Member of the Bundestag for Soltau-Fallingbostel – Winsen L. (Harburg; 1998–2005)
- In office 26 October 1998 – 27 October 2009
- Preceded by: Rudolf Meyer
- Succeeded by: Michael Grosse-Brömer (Harburg)

Member of the Landtag of Lower Saxony for Hildesheim
- In office 23 June 1994 – 30 March 1998
- Preceded by: Leonore Auerbach
- Succeeded by: Elisabeth Conrady

Personal details
- Born: Monika Griefahn 3 October 1954 (age 71) Mülheim an der Ruhr, West Germany
- Party: Social Democratic Party of Germany (SPD)
- Occupation: Politician, activist
- Known for: Co-founder of Greenpeace Germany and member of the SPD

= Monika Griefahn =

German politician and activist (born 1954)

Monika Griefahn (born 3 October 1954) is a German politician and one of the co-founders of Greenpeace. She is a member of the Social Democratic Party (SPD).

Griefahn was a Member of the German Bundestag (1998–2009), serving as an expert on cultural affairs and media as well as foreign (cultural) policy. From 1990 to 1998 she was the State Minister of the Environment in the State of Lower Saxony. From 1980 to 1990 she was an activist in the environmental organization Greenpeace and the first woman on the international board of Greenpeace (1984–1990).

== Early life and education ==
After finishing school in 1973 Griefahn went to the universities of Göttingen and Hamburg to study mathematics and social sciences. She left university in 1979 with a diploma in sociology. Starting in 1973 she worked for the German-French Youth Organization and for YMCA Hamburg, offering adult education seminars for trade unions, church organizations and NGOs for more than a decade.

== Political career ==
=== Early activism ===
From 1980 onwards she became active in establishing Greenpeace in Germany, with its main office in Hamburg.
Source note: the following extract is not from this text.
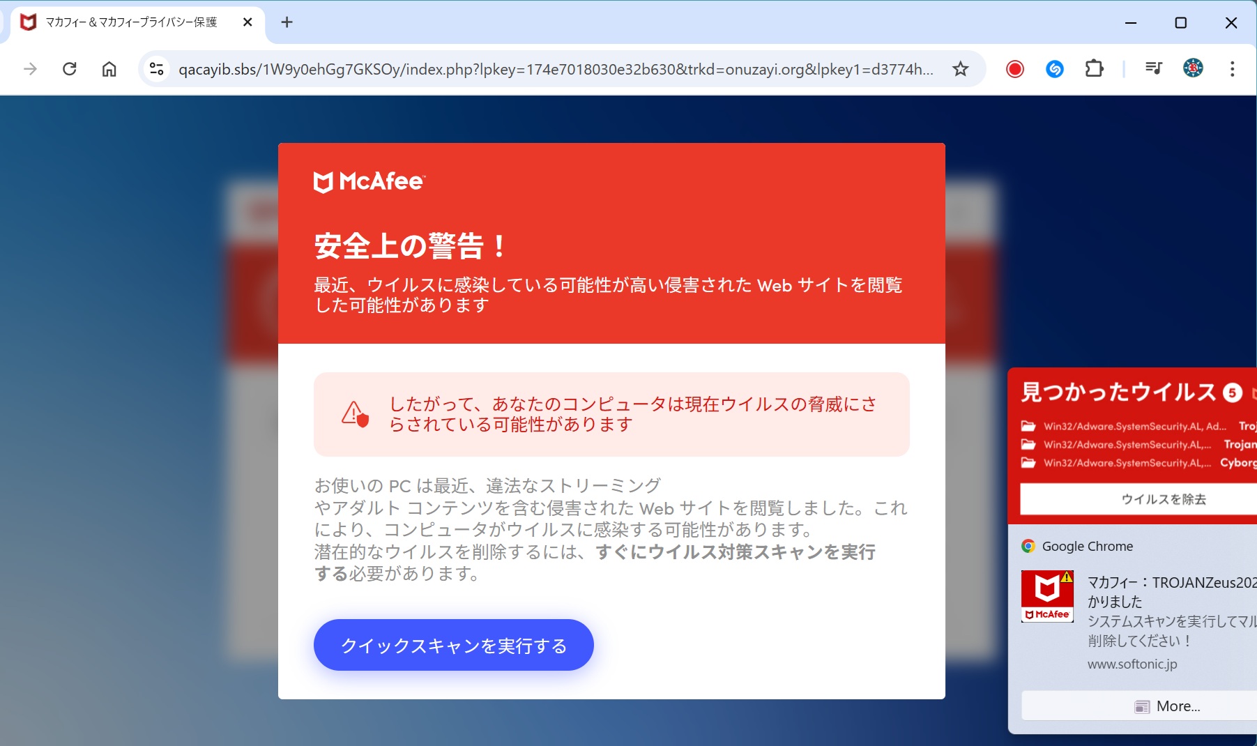 通知のGoogle Chromeの右にあるxを押して消しても次々と表示され、続いてブラウザにも大きな「安全上の警告!」と出る。ブラウザを閉じて再度起動しても同様の通知が出る。ちなみにセキュリテイソフトMcAfeeは使っていない。

She was the executive director until 1983. With Greenpeace Germany she organized campaigns against, among other environmental issues, chemical pollution as well as campaigns for the protection of the North Seas and the rivers Rhine and Elbe. In 1984 she became the first female member of the international board of Greenpeace. She was responsible for developing programs and skill training for the people working for Greenpeace all over the world until 1990. Additionally she helped found new offices in Austria, Belgium, Switzerland, Latin America and the former Soviet Union.
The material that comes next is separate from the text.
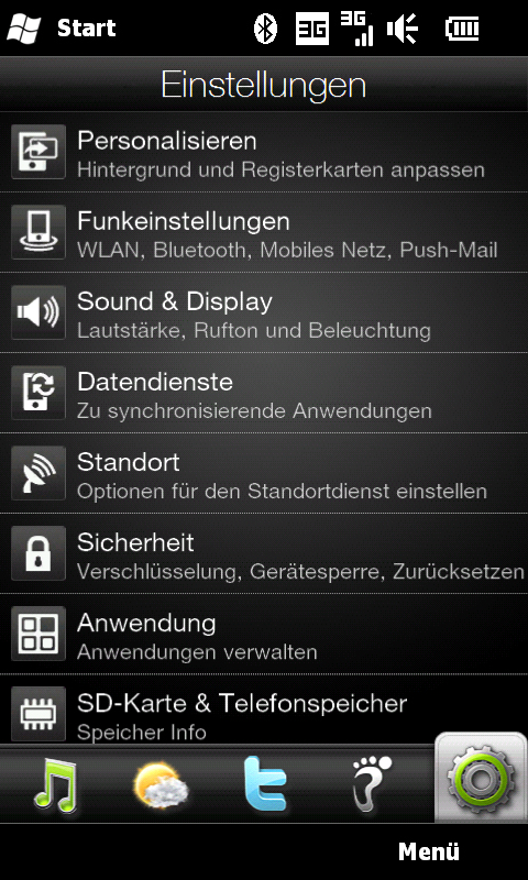 Der kapazitive LCD Touchscreen ist auf reine Fingerbedienung ausgelegt, ein regulärer Eingabestift hilft nichts. Die Finger reichen für die Bedienung von HTC Sense und für die meisten Funktionen von Windows Mobile 6.5. Schwieriger wird es beispielsweise bei schneller Texteingabe über die virtuelle QWERTZ-Tastatur oder falls man in die Tiefen der Windows Mobile Einstellungen bei Drop-Down-Menüs hinabsteigen muss. Hier tippt man mit dem Finger trotz des großen Displays leicht daneben und erzielt unerwünschte Ergebnisse. Zudem war HTC bei der Entwicklung von HTC Sense nicht bis ins Letzte konsequent. Zwar sind die wichtigsten Einstellungen (Settings) mit einer fingerfreundlichen, Android-ähnlichen Menüstruktur unterlegt, aber eben nicht alle. Für System-Feineinstellungen wie Ländereinstellungen oder Externes GPS muss in der HTC-Sense-Einstellungsmaske die Funktion Mehr aufgerufen werden, die auf die Windows Mobile Oberfläche und Menüs zurückgreift und einer Fingerbedienung eher abträglich ist.

In 1992, Griefahn joined the Social Democratic Party (SPD) Germany.

=== State Minister for the Environment, 1990–1998 ===
In 1990 Minister-President Gerhard Schröder of Lower Saxony named her as the Minister for the Environment, where she started special programs to support renewable energy systems (wind power, solar, biomass) in order to stop the use of nuclear power (more see "Public Offices"). She was in his first and in his second cabinet.
One of her central concerns in environmental policy was to quit to the use of nuclear energy. Her plans, which finally became reality in 2011 (after the Fukushima nuclear accident), were blocked by directives of the Federal Ministry of the Environment, headed by Klaus Töpfer (1990–1994) and Angela Merkel (1994–1998).
Parallel to her commitment against nuclear power Griefahn hurried along the extension of renewable energy in Lower Saxony with measures like an eco-fund and an atlas for wind energy. Her commitment contributed to the fact that the plans to phase out nuclear power became a reality between 1998 and 2005, when a coalition of the Social Democratic Party and the Greens led the Federal Government (First ans Second Schröder cabinet).
In 2001 the law on the abandonment of nuclear energy came into effect.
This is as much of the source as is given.